Rahn swallowed. ‘Yes, I remember him.’

‘He asked me to call and see how you are
getting on.’

‘Just fine, thank you.’

‘We know you have to . . . tie a few loose
ends before your journey to the south and we just wanted to wish you well. Will
you be keeping your appointment with Plantard tomorrow?’

Rahn hesitated. ‘I expect so.’

‘That is for the better, we think. It is
important to have the right information, you know, to understand the lay of the
land. Now, it may have occurred to you that you might just lose yourself in the
south. I would advise you to think again. You are not travelling light. Running
is quite difficult when you have a ball and chain attached to your legs.’

A ball and chain?

‘Soon you will be hearing from us again. In
the meantime we rely on you to follow your plans and to do what you do best. Just
one word of warning: keep a lookout for wolves.’

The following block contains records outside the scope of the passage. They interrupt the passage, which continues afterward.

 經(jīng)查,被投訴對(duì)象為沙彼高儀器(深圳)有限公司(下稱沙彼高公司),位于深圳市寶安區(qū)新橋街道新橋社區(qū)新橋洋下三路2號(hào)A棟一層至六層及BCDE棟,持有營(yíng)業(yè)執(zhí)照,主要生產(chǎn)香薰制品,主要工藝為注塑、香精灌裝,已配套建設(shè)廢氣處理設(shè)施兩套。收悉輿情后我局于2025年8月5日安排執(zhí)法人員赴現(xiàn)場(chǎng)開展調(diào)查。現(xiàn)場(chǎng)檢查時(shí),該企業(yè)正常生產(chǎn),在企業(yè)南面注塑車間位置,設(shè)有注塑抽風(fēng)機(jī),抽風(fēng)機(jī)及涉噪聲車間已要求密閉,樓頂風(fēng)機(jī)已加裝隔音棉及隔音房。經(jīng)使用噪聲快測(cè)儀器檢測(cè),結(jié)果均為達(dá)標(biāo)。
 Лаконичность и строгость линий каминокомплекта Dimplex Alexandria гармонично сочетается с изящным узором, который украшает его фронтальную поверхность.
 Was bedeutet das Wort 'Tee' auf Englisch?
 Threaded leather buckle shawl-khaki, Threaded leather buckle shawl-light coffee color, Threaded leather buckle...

‘Who are you working for?’ Rahn asked.

There was a long silence, then: ‘The name is
on the card. I bid you a good night and a safe journey.’

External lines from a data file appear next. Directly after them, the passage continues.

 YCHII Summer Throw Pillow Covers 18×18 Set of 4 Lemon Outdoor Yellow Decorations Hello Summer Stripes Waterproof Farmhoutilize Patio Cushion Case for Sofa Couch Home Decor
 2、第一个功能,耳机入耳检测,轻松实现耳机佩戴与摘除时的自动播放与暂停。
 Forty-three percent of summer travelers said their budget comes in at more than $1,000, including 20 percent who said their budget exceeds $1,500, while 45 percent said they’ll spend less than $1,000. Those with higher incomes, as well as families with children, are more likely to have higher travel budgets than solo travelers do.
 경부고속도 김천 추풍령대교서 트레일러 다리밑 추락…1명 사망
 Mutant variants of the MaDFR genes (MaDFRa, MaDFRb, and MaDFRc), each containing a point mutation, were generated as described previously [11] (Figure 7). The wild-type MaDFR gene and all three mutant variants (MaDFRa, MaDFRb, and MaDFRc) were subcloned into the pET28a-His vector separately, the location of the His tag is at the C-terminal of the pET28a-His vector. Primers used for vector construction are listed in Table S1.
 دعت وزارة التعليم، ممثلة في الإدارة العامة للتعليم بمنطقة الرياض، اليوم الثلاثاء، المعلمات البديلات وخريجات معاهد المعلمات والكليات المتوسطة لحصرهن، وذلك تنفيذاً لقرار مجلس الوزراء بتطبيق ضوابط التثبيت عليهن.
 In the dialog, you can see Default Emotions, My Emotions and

Rahn put the phone down, his limbs drained of
blood. He had been followed, after all! He took out the card and read the name
– Serinus. Whoever these people were, they weren’t going to make it easy
for him to disappear. A ball and chain! Yes indeed, he was shown, once again,
that he was not free and he would have to make a decision. He sat on the bed
and loosened his tie, and wished that he had a brandy.